Por Gabriela de la Riva
Creo que muchas nos fuimos dando cuenta de que éramos madres… con el tiempo. En mis épocas no teníamos libros ilustrados ni podcasts de crianza positiva. Lo de ser madre era más un hecho consumado que una decisión razonada. Nos casábamos jóvenes —muy jóvenes— y eso del control natal era más bien mito urbano. Al menos para mí.
Así fue como tuve al primero. Nunca lo vi tan bonito como todos decían. De hecho, llegué a pensar que alguien me había robado el famoso “instinto materno”. Lloraba mucho (él, aunque yo también) y se convirtió en mi más fiel desvelo. Noches eternas, dolores de tetas exprimidas, biberón por si acaso, cambios extra de pañales. Fue mi bautizo de fuego.
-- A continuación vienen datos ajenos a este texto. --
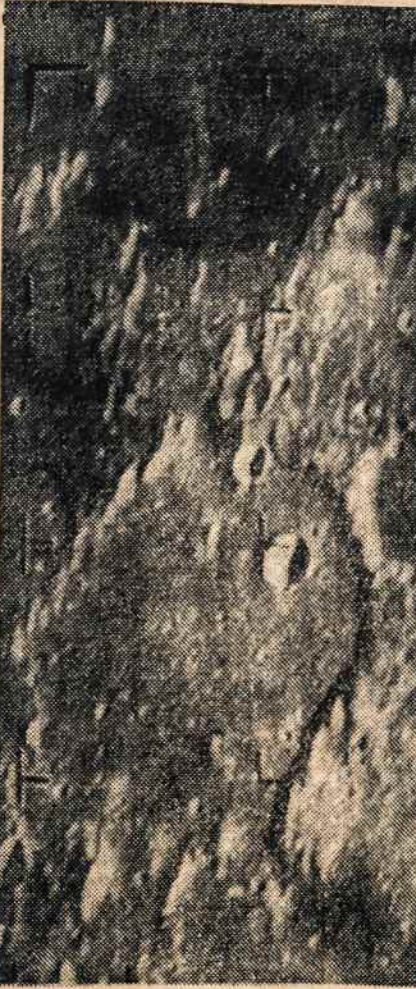
MENULIS IŠ 470 MYLIŲ. Ranger VII liepos 31 nutraukų padarė 4,000, pradėjo iš 1,300 mylių tolnu. Pirmas nutraukas padaręs sovietų lunikas, bet tik iš 37,000 mylių Ranger nutraukos 100 kartų aiškesnės nei lig šiol teleskopų ar iš lėktuvų. Televizijos kamerom veikti buvo signalas iš žemės. Ranger skrido 68 val. 35 min. padarė 243,665 mylias. Kitos dvi raketos bus paleistos šių metų pabaigoj ir kitais metais.

kurstytojas, pasirodė atvykęs iš Manhattano su agitaciniais lapeliais.

Afortunadamente, mi abuela me dio un consejo glorioso: “Cerveza tibia antes de amamantar”. Nunca la calenté, pero bien fría funcionaba de maravilla. Me relajaba, el chico se pegaba sin drama, y entre chorros de leche y cero peleas, los dos salíamos ganando. Hasta hoy, la cerveza helada sigue siendo de mis bebidas favoritas. Dicen que los niños maman lo que uno toma. Pues eso.
Así fuimos creciendo los dos.
El segundo llegó casi sin aviso. Traía consigo un problema de incompatibilidad sanguínea que lo dejó muy malito, necesitando transfusiones urgentes. Su tipo de sangre era rarísimo. Por fortuna, conseguimos tres donadores. Los invitamos años después a su boda. Asistieron dos. Uno de ellos era Secretario de Estado en Guatemala. Estaba a punto de abordar un vuelo oficial a Costa Rica cuando se enteró de la urgencia. Canceló el viaje y regresó a donar. Esa sangre le salvó la vida a mi hijo. A veces la humanidad sorprende, conmueve y nos vuelve agradecidos.
La tercera nació tres años después. Vino con espectáculo incluido: paro respiratorio, paro cardíaco, cesárea complicada. Me vi desde arriba, flotando, observando el caos médico con una extraña serenidad. Todo blanco, todo luz. El túnel ese. Pero el doctor, muy profesional, me regresó a la vida con un resucitador que regresó el dolor al cuerpo. Y entre la neblina del regreso, escuché un grito fuerte: una niña sana, fuerte y lista para estrenarse en el mundo.